4.2. De kamer is van oordeel dat de notaris ten aanzien van alle klachtonderdelen op een correcte wijze heeft gehandeld en alles heeft gedaan wat klaagster van de notaris mocht verwachten. De notaris staat buiten het geschil tussen klaagster en de man. De notaris was benaderd door de man om de levering te verzorgen en de man was hiertoe (ten aanzien van de woning) bevoegd – ook namens klaagster – volgens het kort gedingvonnis. De notaris diende hieraan mee te werken gezien zijn ministerieplicht. Uit de overgelegde stukken blijkt dat de notaris oog heeft gehad voor de belangen van klaagster en – ondanks de tijdsdruk voor de levering van 19 februari 2024 – het overzicht in het dossier heeft bewaard. De notaris heeft onweersproken aangevoerd dat hij er bij de man op heeft aangedrongen de contactgegevens van klaagster te ontvangen en dat hij deze ontving na de inschrijving van de koopovereenkomst in het kadaster (op 10 januari 2024). Spoedig hierna (op 19 januari 2024) heeft de notaris klaagster aangeschreven en vervolgens heeft hij de vragen van klaagster adequaat en tijdig beantwoord en stukken verstrekt. Dat klaagster het niet eens was met de verkoop en met de verkoopprijs, doet hier niet aan af. De notaris heeft gemotiveerd toegelicht op basis waarvan hij oordeelde dat de verkoopprijs marktconform was en die motivering is door klaagster niet weersproken. Verder heeft de notaris toegelicht dat hij door nalezing van het kort gedingvonnis zich realiseerde dat de man de parkeerplaats niet kon leveren en dat vervolgens de koopprijs voor de woning en parkeerplaats is gesplitst door de man (met zijn makelaar) en de kopers, waarna de notaris meende wel medewerking te moeten verlenen aan de levering van de woning. De kamer is van oordeel dat dit een correcte handelwijze was en dat de notaris met dit laatste besluit mede het belang van klaagster heeft gediend, aangezien klaagster een van de verkopers was en (ook) zij een boete zou verbeuren indien de levering niet (tijdig) zou plaatsvinden. Het depot is ingesteld conform de voorwaarden zoals vastgelegd in het kort gedingvonnis en ter zitting heeft de notaris (onweersproken) toegelicht dat het depotbedrag nog steeds onaangeroerd op de derdengeldrekening aanwezig is, in afwachting van de uitkomst van het overleg tussen klaagster en de man.
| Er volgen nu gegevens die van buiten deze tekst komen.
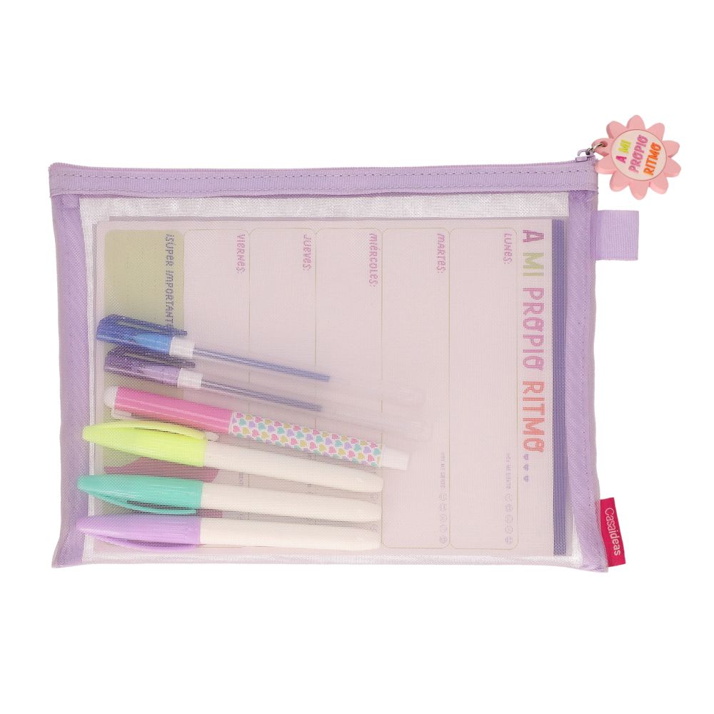 • Incluye: 1 estuche malla,1 block planificador semanal 60 hojas, 2 Hojas de stickers, 3 resaltadores con timbre, 2 bolígrafos de gel con brillos y 1 Bolígrafo de tinta negra

4.3. Al met al valt gelet op het voorgaande niet in te zien dat de notaris anders had moeten handelen of verkeerd heeft gehandeld. De kamer is daarom van oordeel dat de klacht op alle onderdelen ongegrond moet worden verklaard.

5. De beslissing

De kamer voor het notariaat in het ressort Arnhem-Leeuwarden:

- verklaart de klacht op alle onderdelen ongegrond.

Deze beslissing is gegeven door mrs. M.L. Braaksma, voorzitter, R.C.C. van Leest, M.R.H. Goossens, B.B. van Dis en mr. J.P.W.H.T. Becks, leden, en mondeling uitgesproken op 18 oktober 2024 in tegenwoordigheid van mr. M.C.R. van Lent, secretaris.

Waarvan proces-verbaal,

De secretaris De voorzitter

Tegen deze beslissing van de kamer voor het notariaat kunnen partijen binnen dertig dagen na de datum van verzending van deze beslissing hoger beroep instellen bij het gerechtshof Amsterdam, Postbus 1312, 1000 BH Amsterdam.